• Work instructions
Word for word, copy the lines from the one with "2 – Selecione" to the last line of the data below, counting both, and keep every picture out.
Segment Start: Information
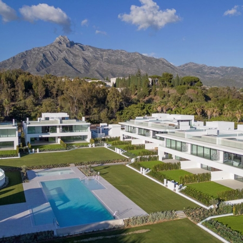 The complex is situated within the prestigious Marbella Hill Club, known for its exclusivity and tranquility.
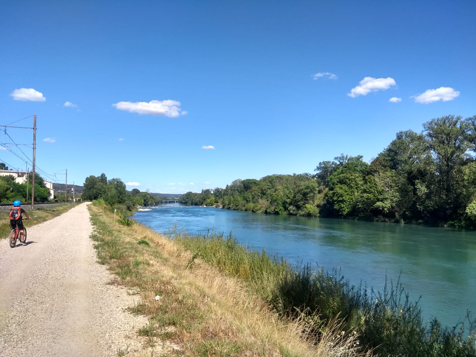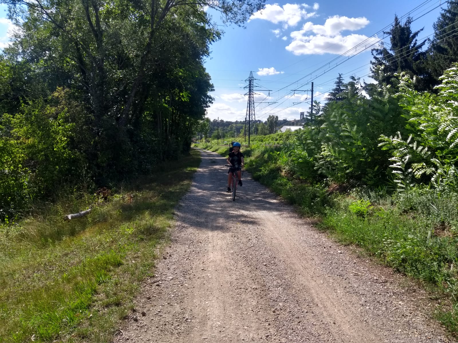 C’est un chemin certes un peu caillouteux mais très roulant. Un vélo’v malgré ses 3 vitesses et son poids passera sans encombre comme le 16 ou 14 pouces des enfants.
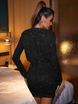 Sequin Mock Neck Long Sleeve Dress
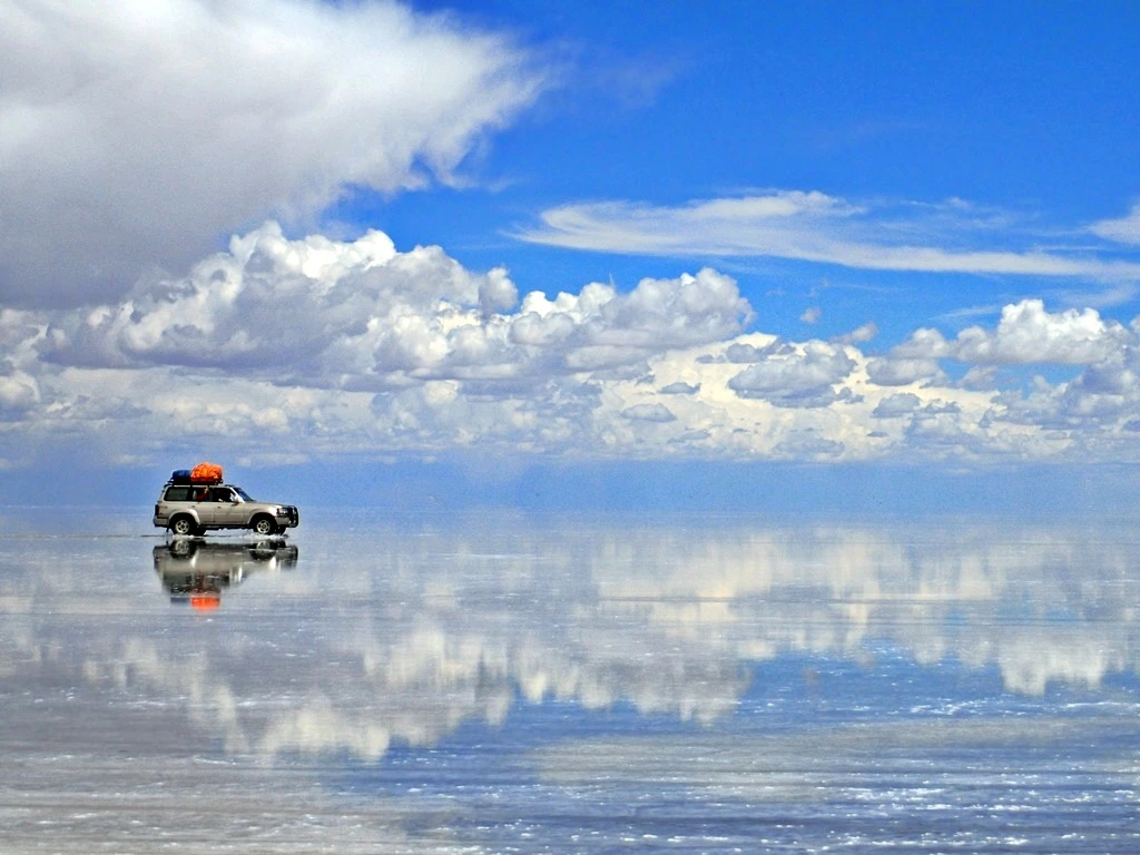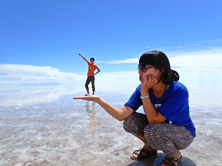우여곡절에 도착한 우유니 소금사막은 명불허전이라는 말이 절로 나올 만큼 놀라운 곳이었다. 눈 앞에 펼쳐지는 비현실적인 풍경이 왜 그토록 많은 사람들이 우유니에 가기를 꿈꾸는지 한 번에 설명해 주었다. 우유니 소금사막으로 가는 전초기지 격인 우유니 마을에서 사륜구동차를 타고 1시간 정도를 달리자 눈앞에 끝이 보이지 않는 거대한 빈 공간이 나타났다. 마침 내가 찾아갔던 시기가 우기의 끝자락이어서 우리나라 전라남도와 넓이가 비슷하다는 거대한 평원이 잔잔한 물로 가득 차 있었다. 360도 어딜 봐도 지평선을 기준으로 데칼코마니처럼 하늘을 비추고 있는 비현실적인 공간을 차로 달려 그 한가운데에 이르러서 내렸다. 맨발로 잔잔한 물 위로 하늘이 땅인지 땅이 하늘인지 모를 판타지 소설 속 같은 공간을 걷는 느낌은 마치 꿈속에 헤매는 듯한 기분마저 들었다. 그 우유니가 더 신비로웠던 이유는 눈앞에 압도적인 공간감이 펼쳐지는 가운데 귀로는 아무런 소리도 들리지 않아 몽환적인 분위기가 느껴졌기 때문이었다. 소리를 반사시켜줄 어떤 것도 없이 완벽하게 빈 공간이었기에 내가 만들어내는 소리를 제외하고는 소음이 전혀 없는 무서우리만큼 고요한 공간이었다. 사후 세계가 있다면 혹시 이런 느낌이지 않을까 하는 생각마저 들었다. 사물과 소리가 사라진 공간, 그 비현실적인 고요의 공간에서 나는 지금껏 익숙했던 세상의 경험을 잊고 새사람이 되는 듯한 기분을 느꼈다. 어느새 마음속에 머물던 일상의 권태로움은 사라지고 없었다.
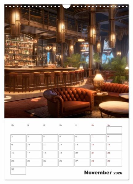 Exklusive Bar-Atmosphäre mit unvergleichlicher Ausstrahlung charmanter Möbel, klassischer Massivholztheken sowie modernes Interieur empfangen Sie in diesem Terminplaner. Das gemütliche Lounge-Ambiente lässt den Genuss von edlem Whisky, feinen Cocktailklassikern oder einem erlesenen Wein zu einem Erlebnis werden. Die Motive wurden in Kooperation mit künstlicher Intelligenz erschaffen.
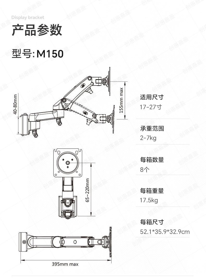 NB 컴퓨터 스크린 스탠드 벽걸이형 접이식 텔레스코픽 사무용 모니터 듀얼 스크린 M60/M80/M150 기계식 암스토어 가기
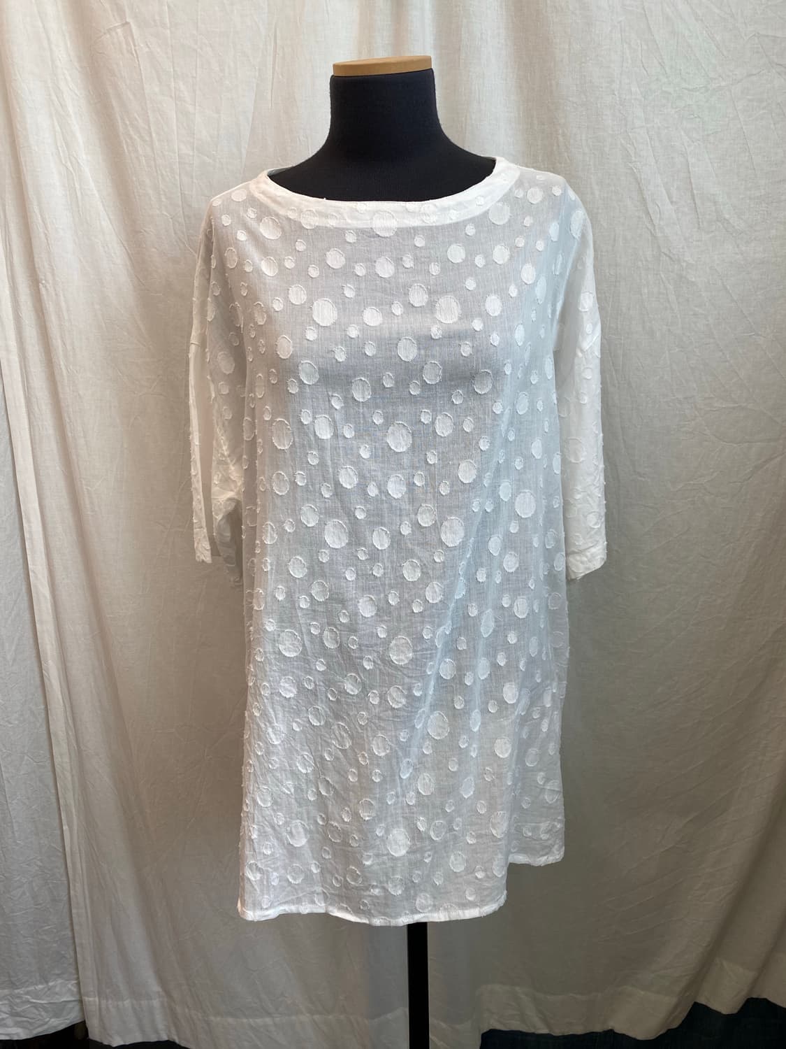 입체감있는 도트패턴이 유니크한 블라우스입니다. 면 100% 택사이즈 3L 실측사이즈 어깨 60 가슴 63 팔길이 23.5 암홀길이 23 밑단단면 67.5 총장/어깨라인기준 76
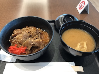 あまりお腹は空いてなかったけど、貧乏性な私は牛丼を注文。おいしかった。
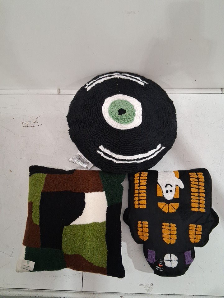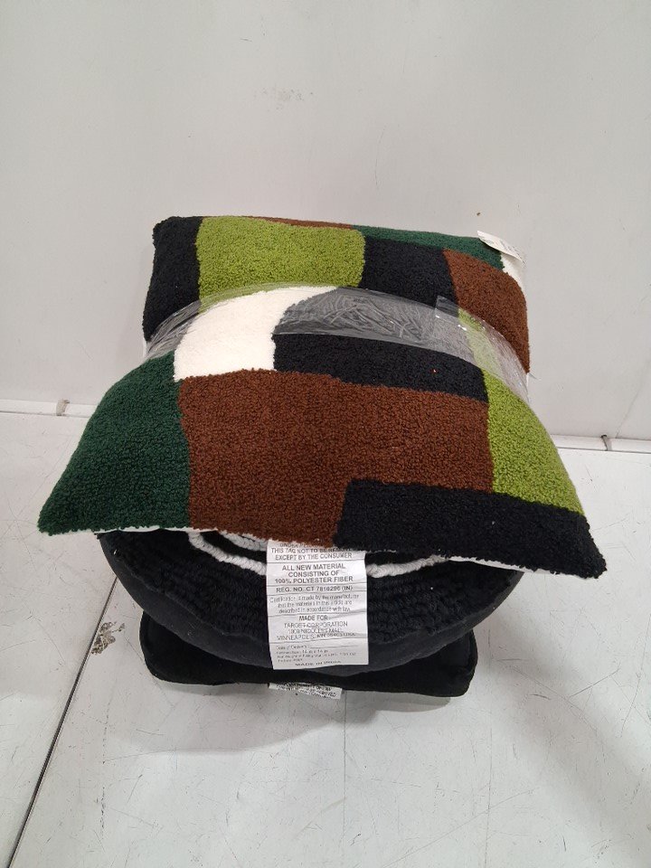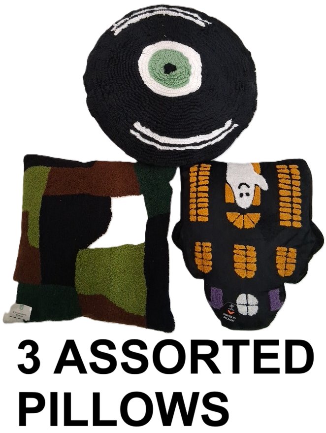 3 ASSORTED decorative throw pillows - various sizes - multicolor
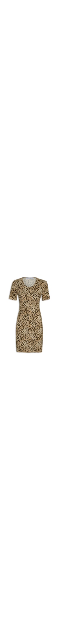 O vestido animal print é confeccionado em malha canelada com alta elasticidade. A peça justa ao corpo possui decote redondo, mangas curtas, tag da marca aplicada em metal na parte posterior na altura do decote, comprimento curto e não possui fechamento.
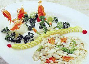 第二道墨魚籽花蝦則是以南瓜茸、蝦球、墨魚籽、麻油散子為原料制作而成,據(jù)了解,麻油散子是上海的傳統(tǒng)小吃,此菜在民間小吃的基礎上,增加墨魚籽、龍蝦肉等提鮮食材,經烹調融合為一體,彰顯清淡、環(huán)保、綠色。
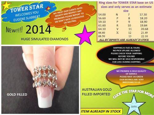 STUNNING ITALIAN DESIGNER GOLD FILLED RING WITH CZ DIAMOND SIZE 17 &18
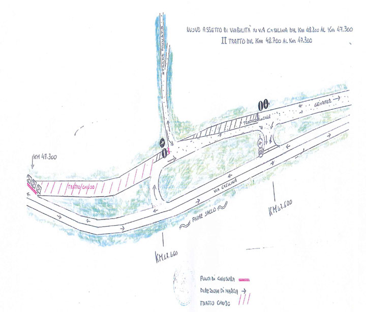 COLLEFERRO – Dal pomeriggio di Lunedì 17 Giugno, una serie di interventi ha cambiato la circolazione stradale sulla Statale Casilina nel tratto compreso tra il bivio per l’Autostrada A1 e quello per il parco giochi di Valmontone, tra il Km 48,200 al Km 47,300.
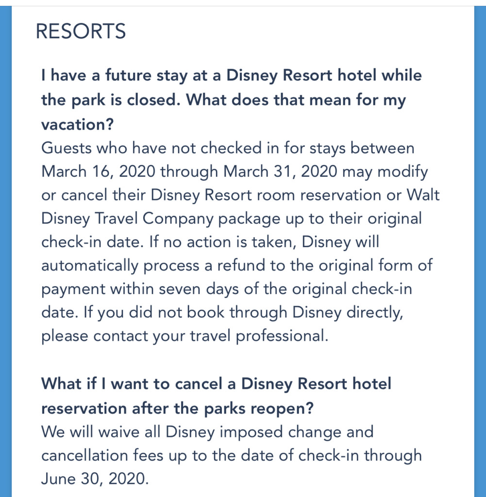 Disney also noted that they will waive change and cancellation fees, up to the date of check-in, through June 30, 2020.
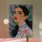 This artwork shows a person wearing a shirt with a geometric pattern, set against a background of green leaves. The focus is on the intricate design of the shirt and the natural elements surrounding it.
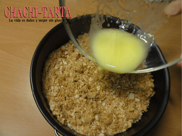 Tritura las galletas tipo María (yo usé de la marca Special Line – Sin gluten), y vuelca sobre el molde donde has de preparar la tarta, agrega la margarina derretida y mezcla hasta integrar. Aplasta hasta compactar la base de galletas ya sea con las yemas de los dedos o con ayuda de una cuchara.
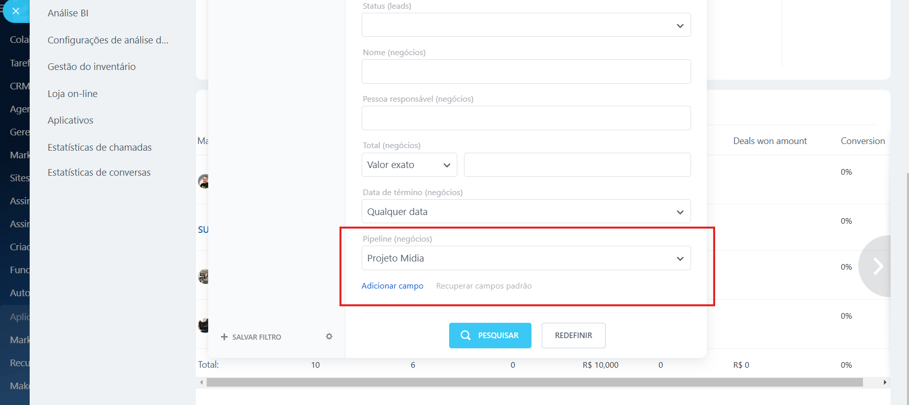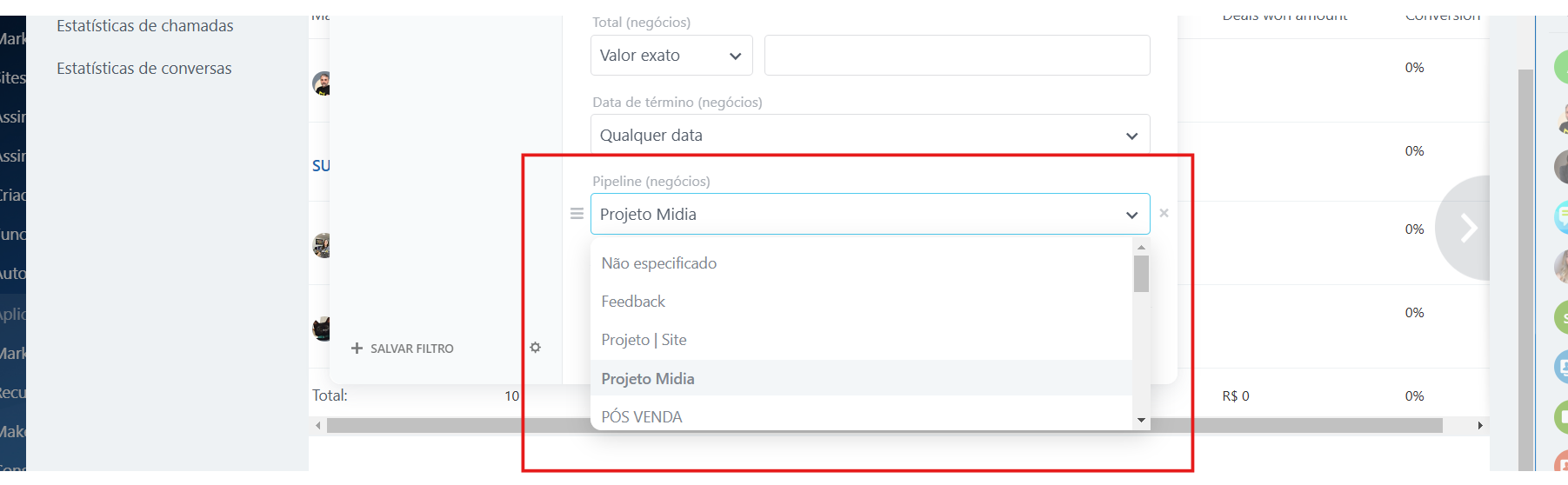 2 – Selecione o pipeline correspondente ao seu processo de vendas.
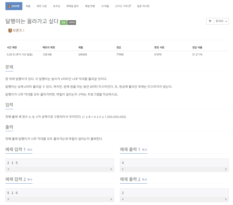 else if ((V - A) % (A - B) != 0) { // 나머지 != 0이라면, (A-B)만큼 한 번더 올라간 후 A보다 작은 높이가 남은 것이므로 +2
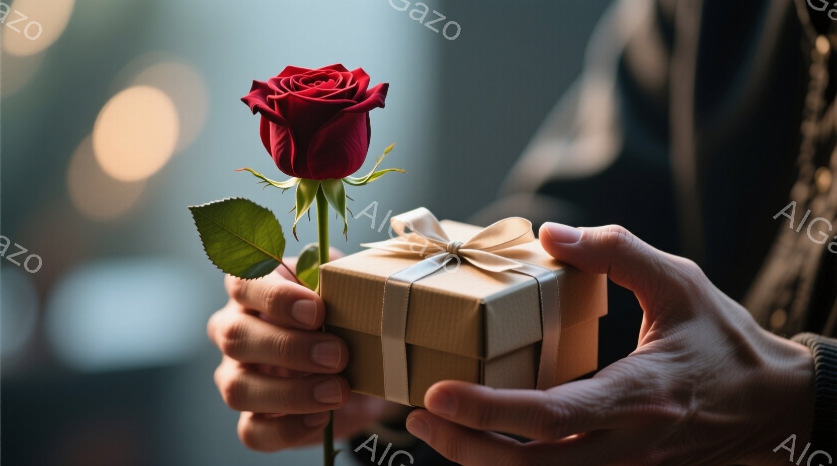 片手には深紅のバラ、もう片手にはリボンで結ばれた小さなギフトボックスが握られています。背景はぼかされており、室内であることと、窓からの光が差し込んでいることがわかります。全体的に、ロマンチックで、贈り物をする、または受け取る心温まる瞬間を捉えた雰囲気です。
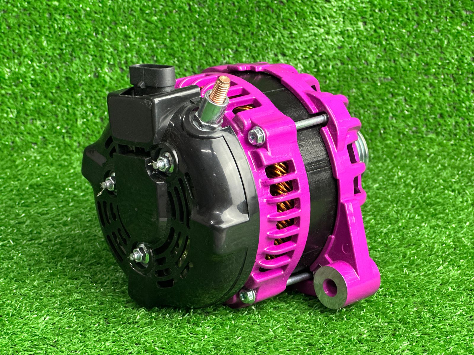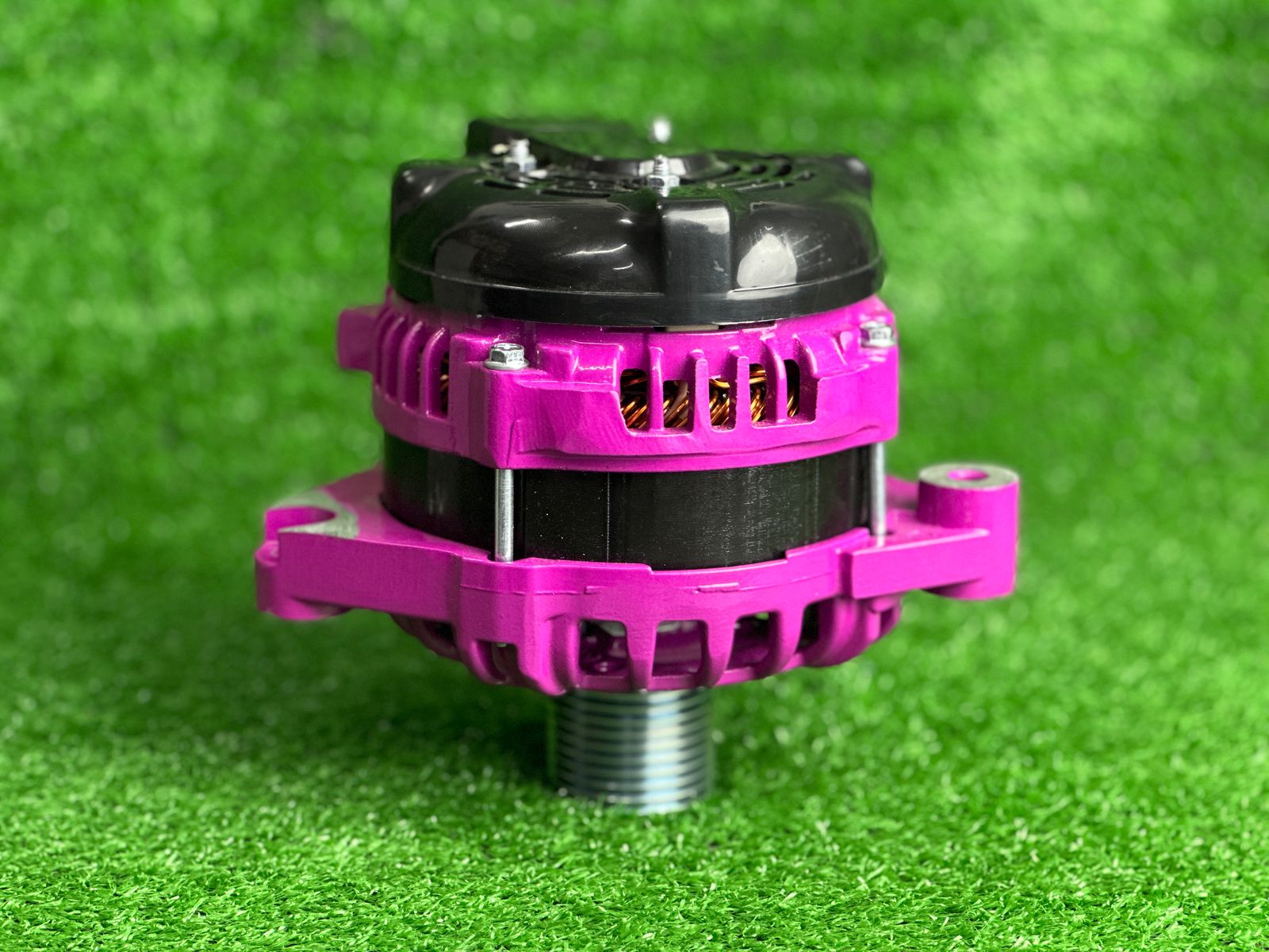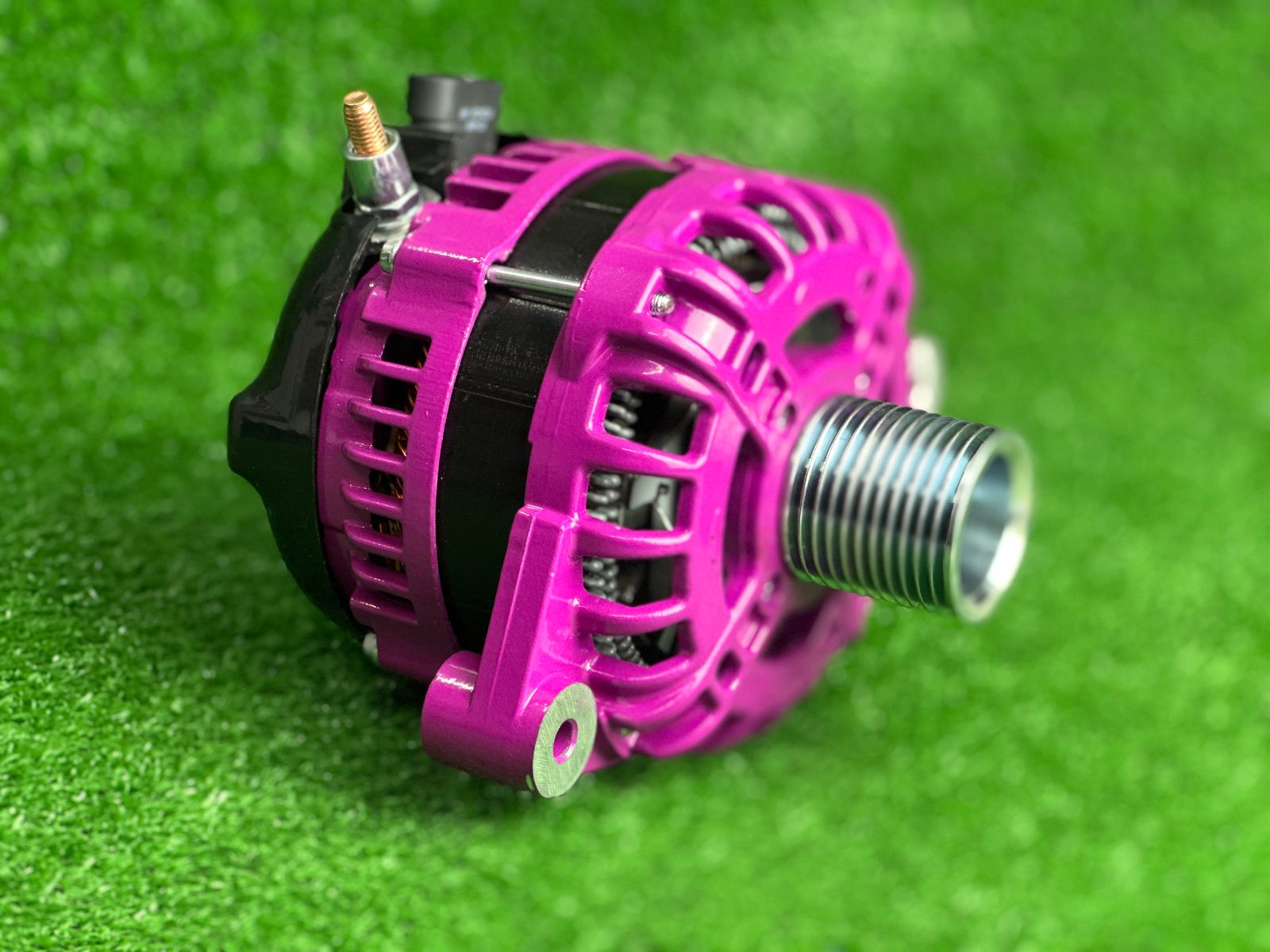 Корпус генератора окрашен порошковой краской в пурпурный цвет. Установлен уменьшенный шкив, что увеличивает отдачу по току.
Segment End: Information
• Response to the exercise
 2 – Selecione o pipeline correspondente ao seu processo de vendas.
 else if ((V - A) % (A - B) != 0) { // 나머지 != 0이라면, (A-B)만큼 한 번더 올라간 후 A보다 작은 높이가 남은 것이므로 +2
 片手には深紅のバラ、もう片手にはリボンで結ばれた小さなギフトボックスが握られています。背景はぼかされており、室内であることと、窓からの光が差し込んでいることがわかります。全体的に、ロマンチックで、贈り物をする、または受け取る心温まる瞬間を捉えた雰囲気です。
 Корпус генератора окрашен порошковой краской в пурпурный цвет. Установлен уменьшенный шкив, что увеличивает отдачу по току.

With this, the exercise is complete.